### Task to carry out
All that is needed is an exact copy of the lines from the beginning of the data below through the line containing "中新网12月9日电 据美媒报", minus the pictures.
****
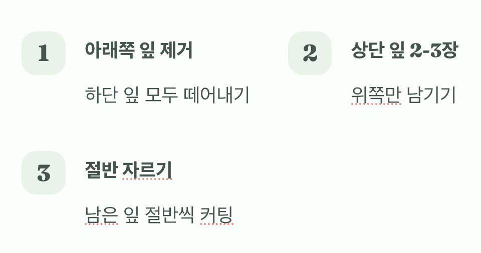 남겨둔 잎들도 그대로 두지 말고 가위로 절반씩 싹둑 잘라주는 것이 좋습니다. 이렇게 하면 광합성은 계속해서 영양분을 만들면서도, 수분이 날아가는 면적을 줄여주어 생존율을 극대화할 수 있습니다. 잎을 자르는 것이 조금 안쓰러워 보여도, 과감하게 정리해 주는 것이 나무 전체를 살리는 지혜로운 해결책입니다.
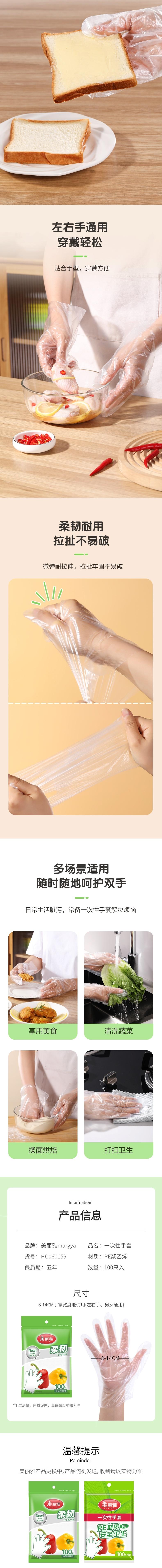 美丽雅 一次性手套100只*2 HC60159
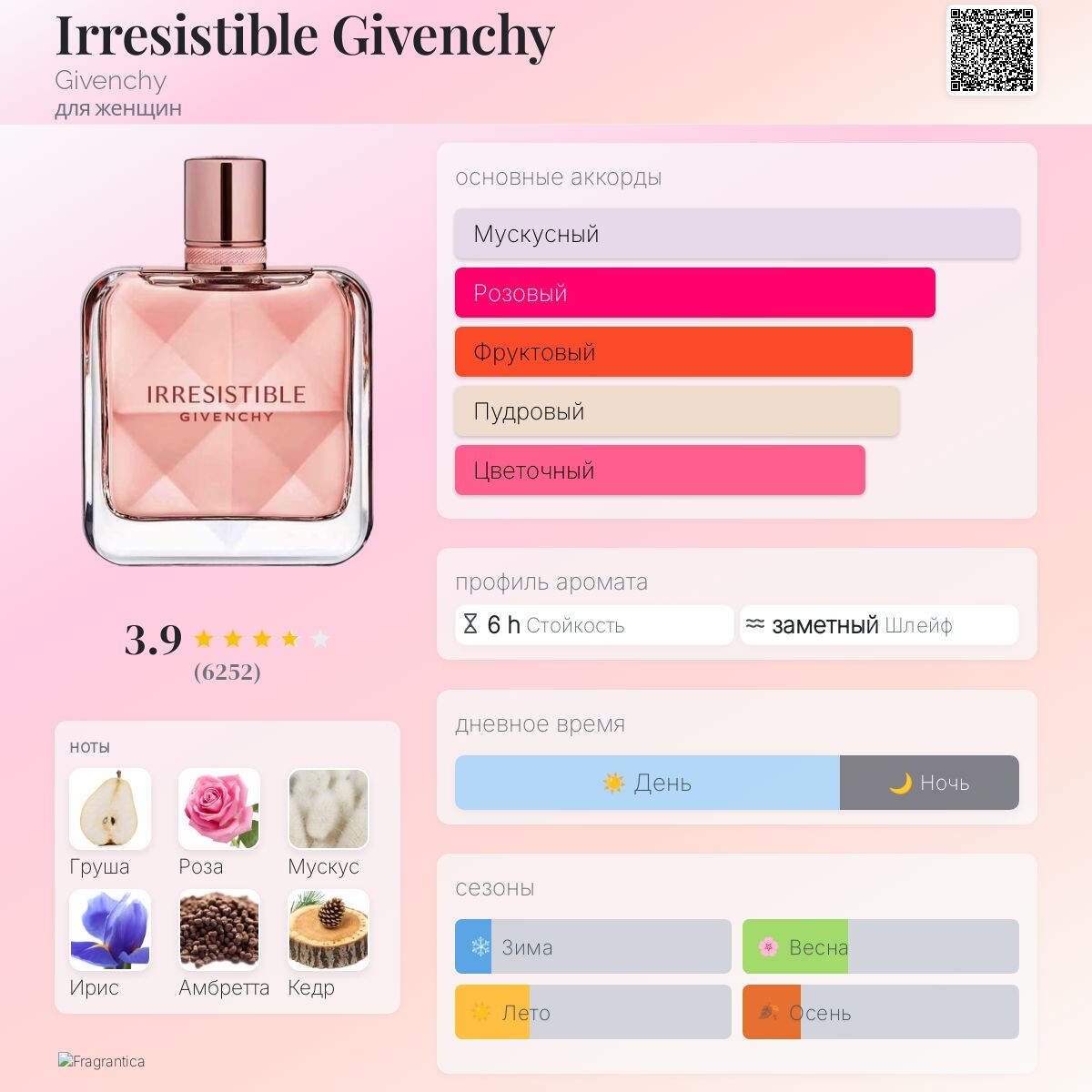 Если вы ищете современный, чистый, женственный и при этом не банальный аромат с заметным розовым аккордом, но без «бабушкиной» тяжести — Irresistible Givenchy почти наверняка вам понравится.
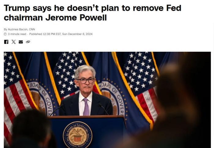 中新网12月9日电 据美媒报道,当地时间8日,美国当选总统特朗普在接受美媒采访时表示,没有计划撤换美联储主席鲍威尔。
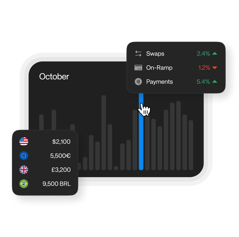 Track swaps, onramps, and payments across chains and currencies. See where value moves and what drives your onchain growth.
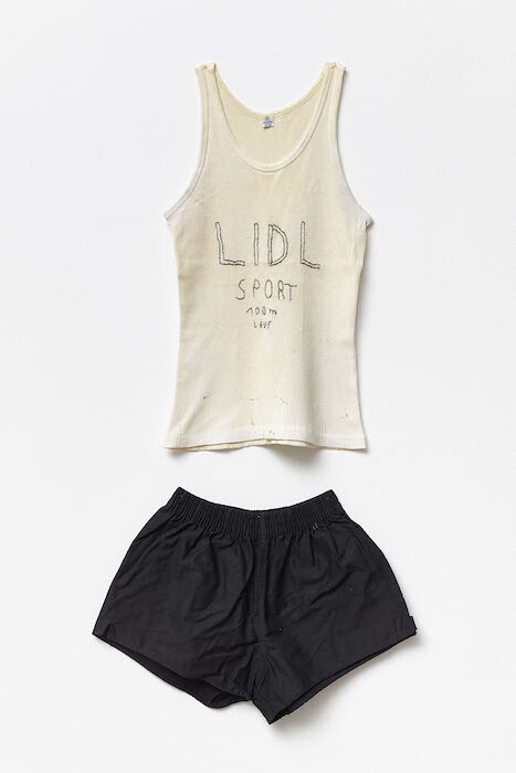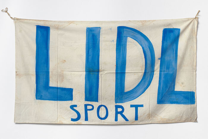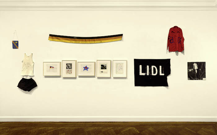 Many of the materials on view at Werner are essentially homemade props: a LIDL flag like the one flown from the roof of the occupied Kunstakademie (LIDL, 1969); sportswear for the LIDL Olympiad (100 Meter Lauf [100 Meter Run], 1969); the wooden LIDL-Block (1969), painted in the colors of the West German flag, that Immendorff used in one of his crypto-absurdist protests at the Bundeshaus. None of these objects is artfully made; instead, they exude the kind of unschooled, everyone-is-an-artist stylelessness that more recent artists like Thomas Hirschhorn have used to try to dehierarchize the entrenched class stratifications of the art world.
****
### Answer space
 남겨둔 잎들도 그대로 두지 말고 가위로 절반씩 싹둑 잘라주는 것이 좋습니다. 이렇게 하면 광합성은 계속해서 영양분을 만들면서도, 수분이 날아가는 면적을 줄여주어 생존율을 극대화할 수 있습니다. 잎을 자르는 것이 조금 안쓰러워 보여도, 과감하게 정리해 주는 것이 나무 전체를 살리는 지혜로운 해결책입니다.
 美丽雅 一次性手套100只*2 HC60159
 Если вы ищете современный, чистый, женственный и при этом не банальный аромат с заметным розовым аккордом, но без «бабушкиной» тяжести — Irresistible Givenchy почти наверняка вам понравится.
 中新网12月9日电 据美媒报道,当地时间8日,美国当选总统特朗普在接受美媒采访时表示,没有计划撤换美联储主席鲍威尔。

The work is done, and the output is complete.